= Exercise directions =
What you write must match, character for character, the lines from the one with "7 月 13 日消息,歐洲通信衛星企業、衛星互聯網運營商" down to the one with "Tutto pronto per" in the listing below, minus its pictures.

== Segment start ==

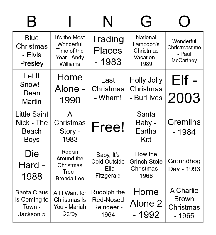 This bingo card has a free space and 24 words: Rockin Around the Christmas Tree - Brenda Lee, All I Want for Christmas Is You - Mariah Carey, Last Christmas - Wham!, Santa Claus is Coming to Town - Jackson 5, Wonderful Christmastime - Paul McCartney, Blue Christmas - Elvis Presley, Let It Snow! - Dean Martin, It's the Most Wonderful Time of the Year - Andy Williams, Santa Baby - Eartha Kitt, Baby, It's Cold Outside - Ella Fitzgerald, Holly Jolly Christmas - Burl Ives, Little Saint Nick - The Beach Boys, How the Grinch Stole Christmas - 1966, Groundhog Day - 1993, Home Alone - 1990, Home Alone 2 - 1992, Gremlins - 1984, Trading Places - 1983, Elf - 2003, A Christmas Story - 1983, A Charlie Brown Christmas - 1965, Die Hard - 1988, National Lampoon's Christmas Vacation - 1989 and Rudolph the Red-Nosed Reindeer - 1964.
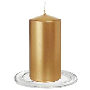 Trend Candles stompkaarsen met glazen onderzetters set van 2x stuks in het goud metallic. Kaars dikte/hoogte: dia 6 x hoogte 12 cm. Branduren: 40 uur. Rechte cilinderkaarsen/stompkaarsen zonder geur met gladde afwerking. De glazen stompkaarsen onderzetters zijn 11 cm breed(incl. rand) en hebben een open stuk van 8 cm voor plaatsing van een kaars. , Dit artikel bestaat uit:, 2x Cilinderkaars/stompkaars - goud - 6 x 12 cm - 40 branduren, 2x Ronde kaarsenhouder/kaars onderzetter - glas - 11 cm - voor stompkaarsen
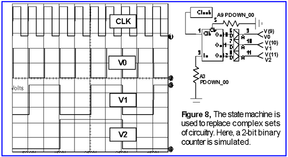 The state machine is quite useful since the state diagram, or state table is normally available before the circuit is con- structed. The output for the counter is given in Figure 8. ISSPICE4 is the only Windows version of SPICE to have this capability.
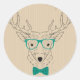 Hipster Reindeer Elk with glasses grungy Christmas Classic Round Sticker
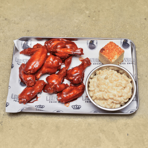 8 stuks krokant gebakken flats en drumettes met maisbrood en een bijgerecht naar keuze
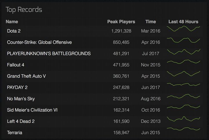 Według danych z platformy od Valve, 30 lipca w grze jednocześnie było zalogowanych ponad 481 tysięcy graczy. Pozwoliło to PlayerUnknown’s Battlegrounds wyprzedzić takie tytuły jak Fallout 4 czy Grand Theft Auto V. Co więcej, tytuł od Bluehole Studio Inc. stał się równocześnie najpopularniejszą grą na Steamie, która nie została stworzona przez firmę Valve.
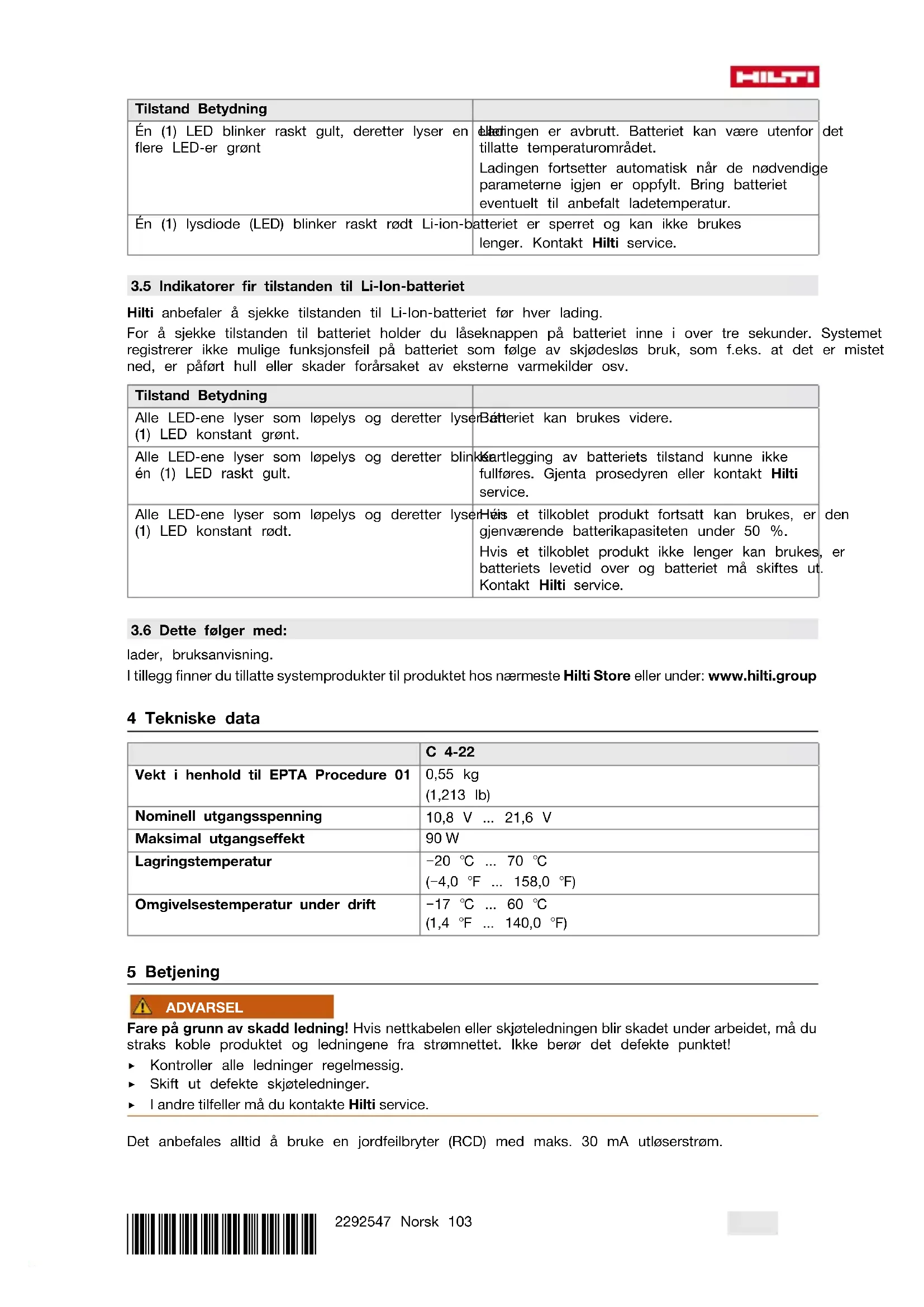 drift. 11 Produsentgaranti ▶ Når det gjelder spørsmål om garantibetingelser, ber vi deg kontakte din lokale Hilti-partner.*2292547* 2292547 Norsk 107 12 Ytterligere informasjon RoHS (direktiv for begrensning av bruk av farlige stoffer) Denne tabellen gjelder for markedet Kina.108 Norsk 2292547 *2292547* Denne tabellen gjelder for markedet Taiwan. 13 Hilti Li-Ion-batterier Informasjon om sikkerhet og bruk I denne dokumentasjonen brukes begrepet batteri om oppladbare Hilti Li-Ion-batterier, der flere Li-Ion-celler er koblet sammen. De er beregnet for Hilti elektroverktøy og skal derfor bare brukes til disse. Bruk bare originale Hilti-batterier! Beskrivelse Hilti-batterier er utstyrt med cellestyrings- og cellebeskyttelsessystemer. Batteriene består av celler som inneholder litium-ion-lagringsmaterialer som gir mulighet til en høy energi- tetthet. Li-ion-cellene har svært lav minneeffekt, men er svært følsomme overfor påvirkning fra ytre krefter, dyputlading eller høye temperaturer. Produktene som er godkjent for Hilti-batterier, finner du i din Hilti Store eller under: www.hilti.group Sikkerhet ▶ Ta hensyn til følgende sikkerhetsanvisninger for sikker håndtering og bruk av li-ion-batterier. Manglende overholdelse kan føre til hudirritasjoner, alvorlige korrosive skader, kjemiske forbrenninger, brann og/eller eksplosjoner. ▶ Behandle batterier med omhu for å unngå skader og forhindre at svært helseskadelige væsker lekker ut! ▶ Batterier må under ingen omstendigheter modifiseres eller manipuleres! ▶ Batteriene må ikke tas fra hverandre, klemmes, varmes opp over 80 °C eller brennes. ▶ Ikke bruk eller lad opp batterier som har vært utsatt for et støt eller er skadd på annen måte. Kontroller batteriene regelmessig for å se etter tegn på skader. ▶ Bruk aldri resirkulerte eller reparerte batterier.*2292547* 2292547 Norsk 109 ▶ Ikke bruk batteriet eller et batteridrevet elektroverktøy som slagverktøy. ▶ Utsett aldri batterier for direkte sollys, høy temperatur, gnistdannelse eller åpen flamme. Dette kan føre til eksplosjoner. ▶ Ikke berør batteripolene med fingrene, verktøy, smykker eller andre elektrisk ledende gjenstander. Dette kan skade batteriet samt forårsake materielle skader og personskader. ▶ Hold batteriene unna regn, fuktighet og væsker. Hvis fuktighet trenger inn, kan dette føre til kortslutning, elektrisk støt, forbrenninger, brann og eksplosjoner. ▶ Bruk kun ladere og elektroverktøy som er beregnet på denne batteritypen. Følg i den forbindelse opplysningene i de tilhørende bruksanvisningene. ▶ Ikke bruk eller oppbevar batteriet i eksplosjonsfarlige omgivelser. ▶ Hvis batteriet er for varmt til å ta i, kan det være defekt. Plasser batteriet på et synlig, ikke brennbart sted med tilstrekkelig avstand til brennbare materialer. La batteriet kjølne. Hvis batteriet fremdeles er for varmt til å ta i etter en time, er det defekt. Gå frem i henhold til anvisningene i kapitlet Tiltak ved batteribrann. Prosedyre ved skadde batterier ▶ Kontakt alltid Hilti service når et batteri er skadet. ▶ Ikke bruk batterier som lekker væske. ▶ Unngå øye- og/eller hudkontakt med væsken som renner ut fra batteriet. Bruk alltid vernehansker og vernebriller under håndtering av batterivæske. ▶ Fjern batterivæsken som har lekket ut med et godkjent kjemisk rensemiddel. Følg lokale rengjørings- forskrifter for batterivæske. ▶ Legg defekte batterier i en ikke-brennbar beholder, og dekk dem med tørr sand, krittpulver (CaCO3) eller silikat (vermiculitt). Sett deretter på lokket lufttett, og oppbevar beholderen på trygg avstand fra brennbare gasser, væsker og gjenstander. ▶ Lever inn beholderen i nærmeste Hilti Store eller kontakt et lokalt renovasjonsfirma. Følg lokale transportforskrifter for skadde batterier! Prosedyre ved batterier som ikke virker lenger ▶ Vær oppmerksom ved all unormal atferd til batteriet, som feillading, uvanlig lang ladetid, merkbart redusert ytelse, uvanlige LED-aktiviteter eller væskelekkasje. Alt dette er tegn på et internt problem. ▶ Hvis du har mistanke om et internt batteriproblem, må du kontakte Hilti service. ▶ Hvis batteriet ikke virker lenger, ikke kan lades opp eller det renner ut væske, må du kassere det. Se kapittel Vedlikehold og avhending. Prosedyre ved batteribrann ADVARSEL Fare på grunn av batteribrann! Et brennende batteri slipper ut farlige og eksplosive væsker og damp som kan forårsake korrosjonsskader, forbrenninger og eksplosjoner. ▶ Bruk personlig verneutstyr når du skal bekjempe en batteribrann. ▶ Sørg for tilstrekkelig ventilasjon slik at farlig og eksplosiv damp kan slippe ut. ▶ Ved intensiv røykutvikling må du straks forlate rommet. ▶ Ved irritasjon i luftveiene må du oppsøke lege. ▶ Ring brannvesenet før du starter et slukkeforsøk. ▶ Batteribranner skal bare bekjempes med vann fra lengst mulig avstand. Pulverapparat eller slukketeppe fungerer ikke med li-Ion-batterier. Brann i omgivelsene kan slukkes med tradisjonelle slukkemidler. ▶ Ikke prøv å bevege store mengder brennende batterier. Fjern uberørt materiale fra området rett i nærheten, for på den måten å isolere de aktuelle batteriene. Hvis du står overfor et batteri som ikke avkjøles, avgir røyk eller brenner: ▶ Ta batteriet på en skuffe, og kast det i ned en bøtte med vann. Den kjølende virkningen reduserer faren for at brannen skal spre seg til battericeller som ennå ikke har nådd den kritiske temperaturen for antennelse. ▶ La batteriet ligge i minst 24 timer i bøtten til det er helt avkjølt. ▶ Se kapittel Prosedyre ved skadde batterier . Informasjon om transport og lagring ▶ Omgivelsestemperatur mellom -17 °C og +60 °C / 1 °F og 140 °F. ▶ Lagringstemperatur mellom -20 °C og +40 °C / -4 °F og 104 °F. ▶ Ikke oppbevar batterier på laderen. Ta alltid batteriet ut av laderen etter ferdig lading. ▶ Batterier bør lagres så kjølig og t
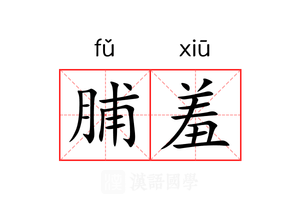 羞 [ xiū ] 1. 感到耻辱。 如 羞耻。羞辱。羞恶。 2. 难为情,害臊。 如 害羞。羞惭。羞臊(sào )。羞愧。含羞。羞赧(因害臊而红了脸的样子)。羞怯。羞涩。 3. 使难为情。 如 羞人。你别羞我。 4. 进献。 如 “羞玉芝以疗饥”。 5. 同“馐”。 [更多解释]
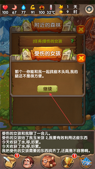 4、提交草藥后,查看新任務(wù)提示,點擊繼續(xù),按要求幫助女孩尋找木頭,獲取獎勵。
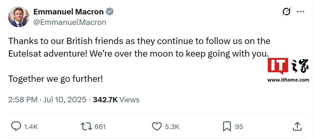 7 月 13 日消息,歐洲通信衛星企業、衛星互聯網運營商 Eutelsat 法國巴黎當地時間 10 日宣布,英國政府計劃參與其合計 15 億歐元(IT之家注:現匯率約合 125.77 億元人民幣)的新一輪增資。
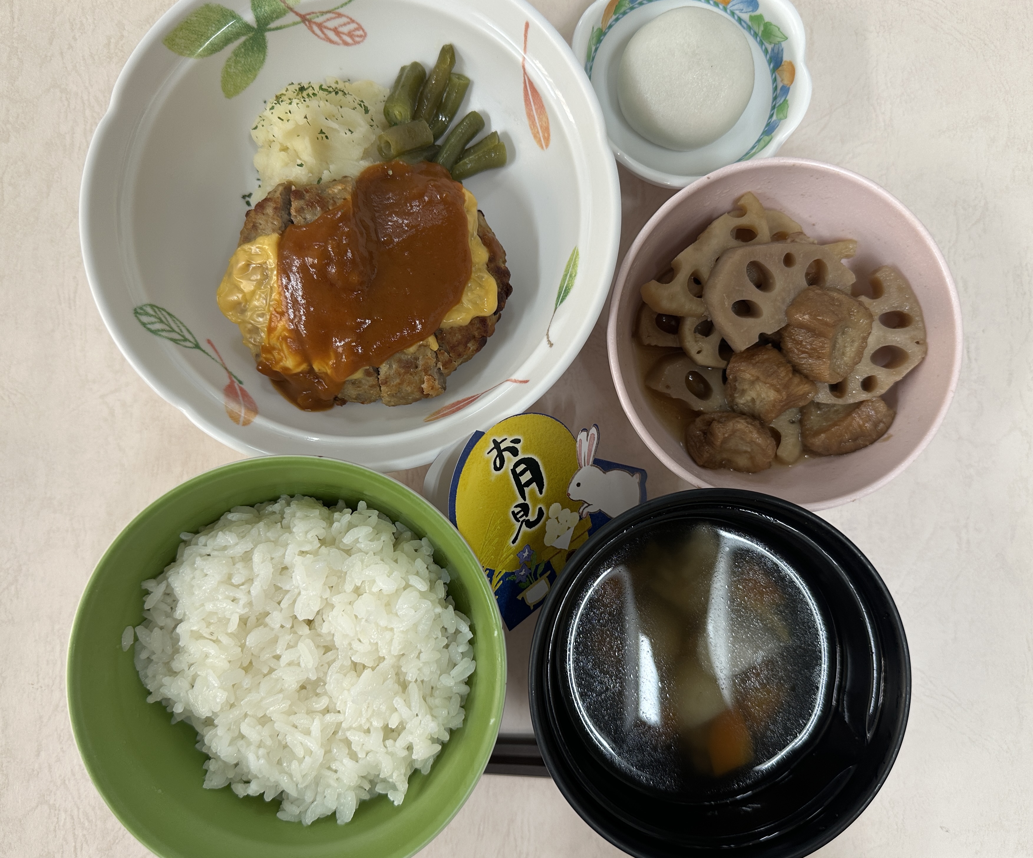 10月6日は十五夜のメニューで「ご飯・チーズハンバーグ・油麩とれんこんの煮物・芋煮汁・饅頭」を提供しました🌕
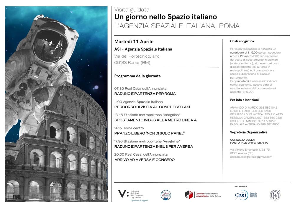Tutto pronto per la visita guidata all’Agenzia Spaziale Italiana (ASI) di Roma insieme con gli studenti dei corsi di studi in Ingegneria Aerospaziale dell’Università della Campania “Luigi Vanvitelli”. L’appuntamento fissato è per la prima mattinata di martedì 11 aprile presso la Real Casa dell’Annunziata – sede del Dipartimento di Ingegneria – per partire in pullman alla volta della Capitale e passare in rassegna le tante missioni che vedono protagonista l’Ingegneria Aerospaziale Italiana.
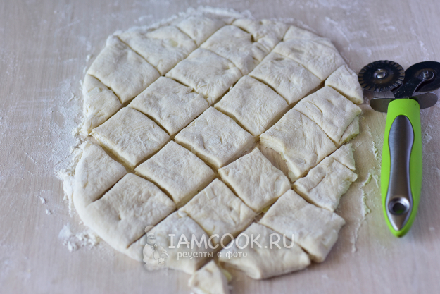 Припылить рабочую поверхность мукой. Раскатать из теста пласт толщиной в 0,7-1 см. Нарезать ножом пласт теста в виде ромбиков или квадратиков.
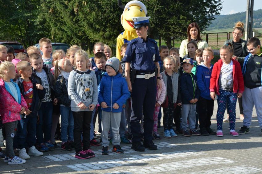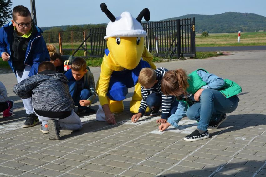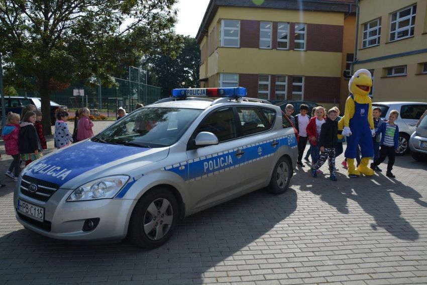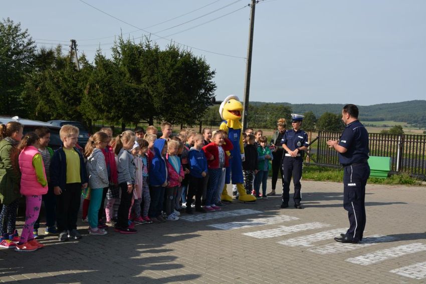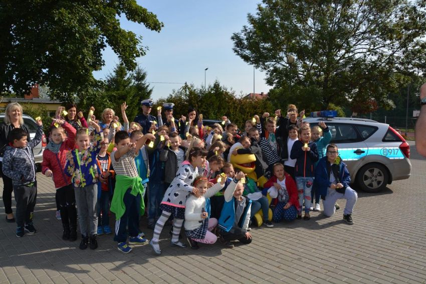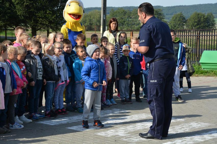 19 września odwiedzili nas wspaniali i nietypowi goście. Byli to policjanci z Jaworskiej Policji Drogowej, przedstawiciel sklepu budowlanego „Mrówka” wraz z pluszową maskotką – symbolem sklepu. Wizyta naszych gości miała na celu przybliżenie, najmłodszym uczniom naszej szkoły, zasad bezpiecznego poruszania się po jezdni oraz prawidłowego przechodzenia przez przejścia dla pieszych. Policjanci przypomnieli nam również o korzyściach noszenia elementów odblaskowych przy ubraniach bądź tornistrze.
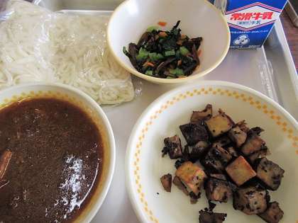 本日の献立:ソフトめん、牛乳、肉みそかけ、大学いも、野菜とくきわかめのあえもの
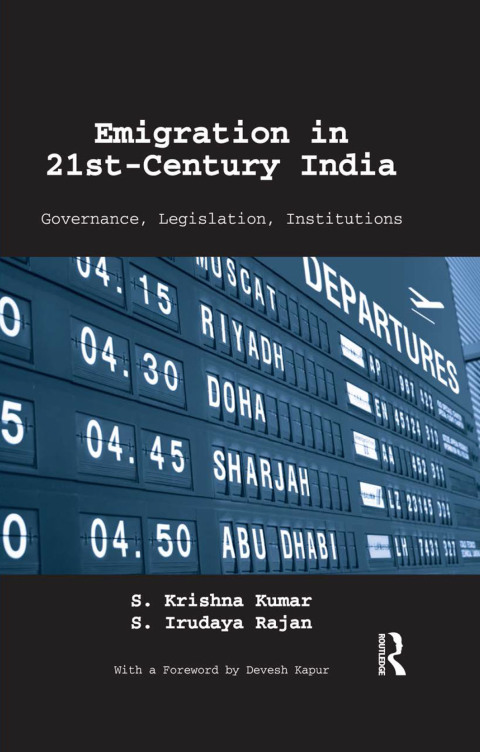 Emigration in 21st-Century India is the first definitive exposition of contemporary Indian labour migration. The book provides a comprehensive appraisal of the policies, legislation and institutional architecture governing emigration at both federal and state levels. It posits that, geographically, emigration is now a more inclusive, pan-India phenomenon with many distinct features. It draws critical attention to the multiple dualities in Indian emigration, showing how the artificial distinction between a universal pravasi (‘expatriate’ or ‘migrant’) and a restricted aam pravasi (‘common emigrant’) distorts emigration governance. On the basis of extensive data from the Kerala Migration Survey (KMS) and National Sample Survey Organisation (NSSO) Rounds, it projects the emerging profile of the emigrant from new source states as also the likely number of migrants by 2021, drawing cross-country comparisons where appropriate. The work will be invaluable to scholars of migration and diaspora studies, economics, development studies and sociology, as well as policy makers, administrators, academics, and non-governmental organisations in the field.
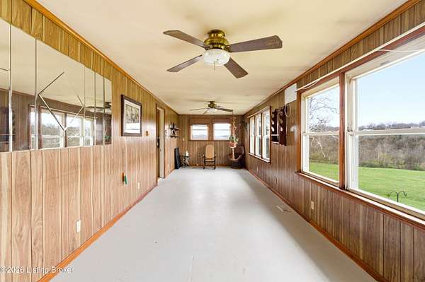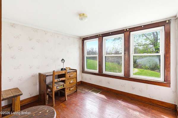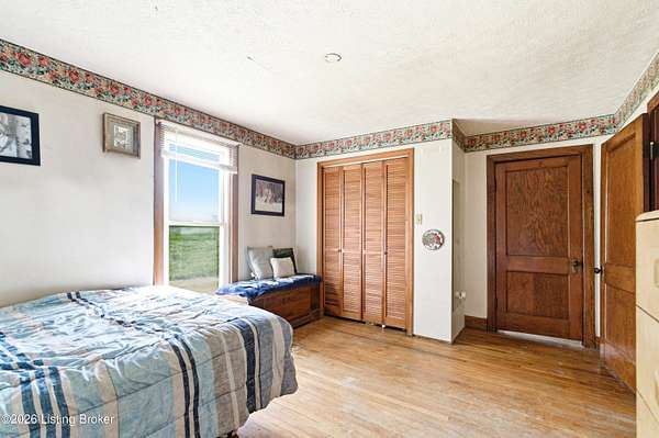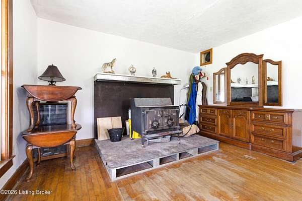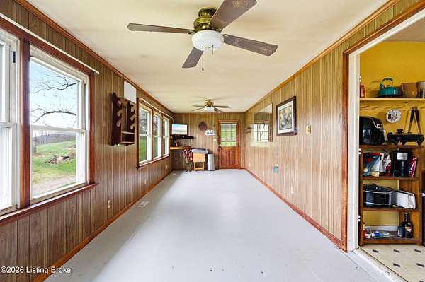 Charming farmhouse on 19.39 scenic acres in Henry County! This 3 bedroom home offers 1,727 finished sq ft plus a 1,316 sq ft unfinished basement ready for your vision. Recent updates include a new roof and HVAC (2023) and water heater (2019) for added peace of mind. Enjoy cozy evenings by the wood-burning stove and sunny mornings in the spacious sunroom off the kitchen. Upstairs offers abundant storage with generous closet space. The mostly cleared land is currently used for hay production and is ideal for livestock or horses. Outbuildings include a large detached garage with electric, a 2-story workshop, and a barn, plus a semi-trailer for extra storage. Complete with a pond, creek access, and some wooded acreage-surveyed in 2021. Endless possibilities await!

== Segment end ==

= Worked solution =
 7 月 13 日消息,歐洲通信衛星企業、衛星互聯網運營商 Eutelsat 法國巴黎當地時間 10 日宣布,英國政府計劃參與其合計 15 億歐元(IT之家注:現匯率約合 125.77 億元人民幣)的新一輪增資。
 10月6日は十五夜のメニューで「ご飯・チーズハンバーグ・油麩とれんこんの煮物・芋煮汁・饅頭」を提供しました🌕
Tutto pronto per la visita guidata all’Agenzia Spaziale Italiana (ASI) di Roma insieme con gli studenti dei corsi di studi in Ingegneria Aerospaziale dell’Università della Campania “Luigi Vanvitelli”. L’appuntamento fissato è per la prima mattinata di martedì 11 aprile presso la Real Casa dell’Annunziata – sede del Dipartimento di Ingegneria – per partire in pullman alla volta della Capitale e passare in rassegna le tante missioni che vedono protagonista l’Ingegneria Aerospaziale Italiana.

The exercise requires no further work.